2026年3月30日深夜的河北晋州,石津总干渠的春灌渠水冰冷湍急,一路裹挟着泥沙奔腾向前。没人会想到,这条本该为农田送去生机的灌溉渠,会在那个深夜,吞掉四个鲜活的生命,撕碎四个原本完整的家庭。
当落水女子的呼救声划破夜色,36岁的退役特战兵王徐闯、20岁的厨师赵天源,还有那位正在巡逻的三十多岁退役辅警,没有丝毫犹豫地冲向了渠边,纵身跃入了冰冷的水流里。七天之后,他们的遗体在事发地12公里外的下游被打捞上岸,一场原本只关乎一人的险情,最终酿成了四条人命集体陨落的悲剧。
我们必须先把最郑重的致敬,送给这三位挺身而出的救人者。徐闯,曾是武警特战队伍里的“兵王”,一身过硬的本领,荣立过1次二等功、3次三等功,脱下军装,他是两个孩子的父亲,大的刚满2岁,小的才1岁,妻子靠着一家烤鱼店,和他一起撑起了小家;20岁的赵天源,是他店里的厨师,人生的画卷才刚刚展开,还没来得及看遍世间的风景;那位巡逻途中赶来的辅警,同样是退役军人,本该在结束一天的工作后,回到温暖的家里,和家人围坐在一起。
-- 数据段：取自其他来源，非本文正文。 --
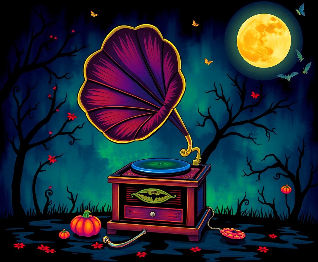 Perfect for Halloween! The spooky gramophone and cobweb details create an atmospheric piece that enhances any haunted decor theme beautifully.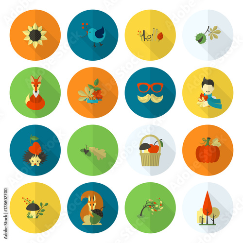 Set of Flat Autumn Icons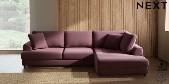 7.3.1 Buy Parker Corner Chaise Bed - Right Hand Fine Chenille Easy Clean Mid Mulberry Purple Glide from the Next UK online shop Click here to use our accessible website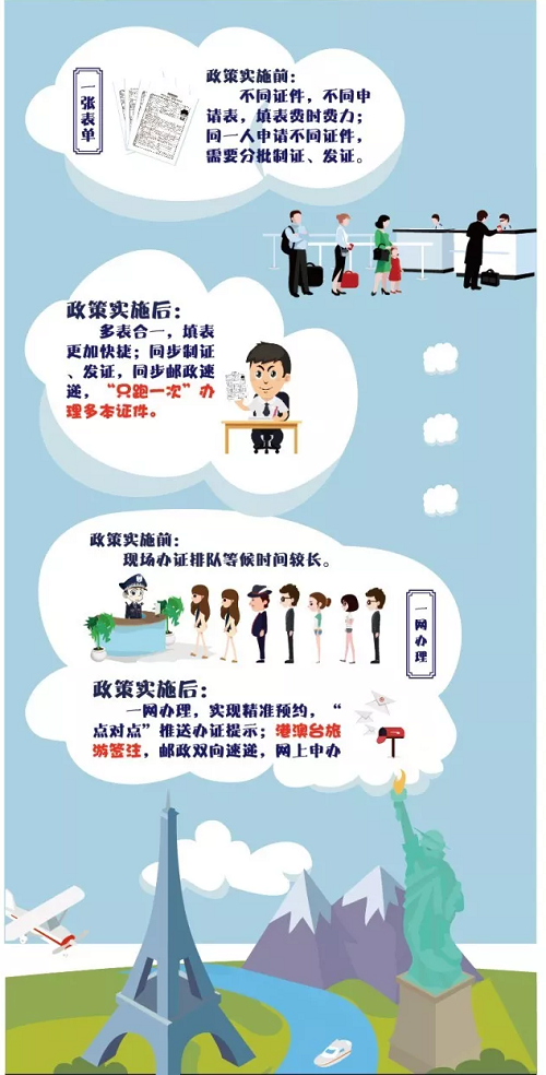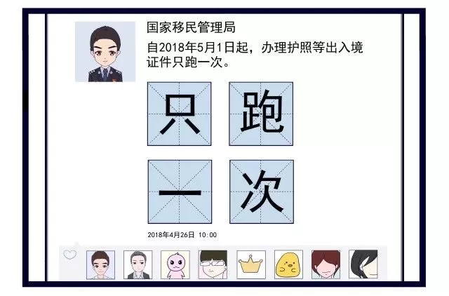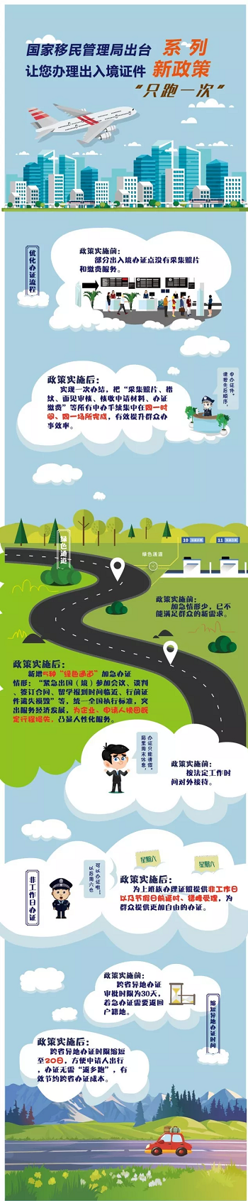 為認真貫徹落實黨中央關于加強改革移民出入境管理部署要求,不斷加強和優化服務管理廣大出入境人員的工作職能,不斷滿足人民群眾的新期待,國家移民管理局決定,自今年5月1日起,在全國實行辦理護照等出入境證件“只跑一次”制度。通過優化流程、簡化手續、運用新科技,提高辦事辦證效率,方便申請人辦事辦證,減輕群眾負擔,不斷提升服務管理水平,確保申請人到出入境接待窗口,一次即可完成申辦護照等出入境證件的全部手續,切實增加群眾的獲得感和幸福感。

他们不是不知道渠水的危险,不是看不到春灌期奔腾的水流,可在人命关天的那一刻,刻在骨子里的善良与担当,让他们把自身的安危抛在了身后。这份面对危难义无反顾的勇毅,这份舍己救人的大义,值得我们所有人脱帽致敬,值得这个社会为他们申报最高的荣誉,更值得被我们永远铭记。
但当我们擦干眼泪,看着四个支离破碎的家庭,看着两个还没记事就失去父亲的孩子,看着白发人送黑发人的父母,我们必须直面这场悲剧里,最沉重、也最不能回避的核心命题:为什么一场本可以被控制的险情,最终走向了最惨烈的结局?除了渠水的无情与自然力量的不可控,我们更要读懂这场悲剧背后,关于“见义勇为”,我们长久以来的认知偏差,和对“科学施救”的集体性忽视。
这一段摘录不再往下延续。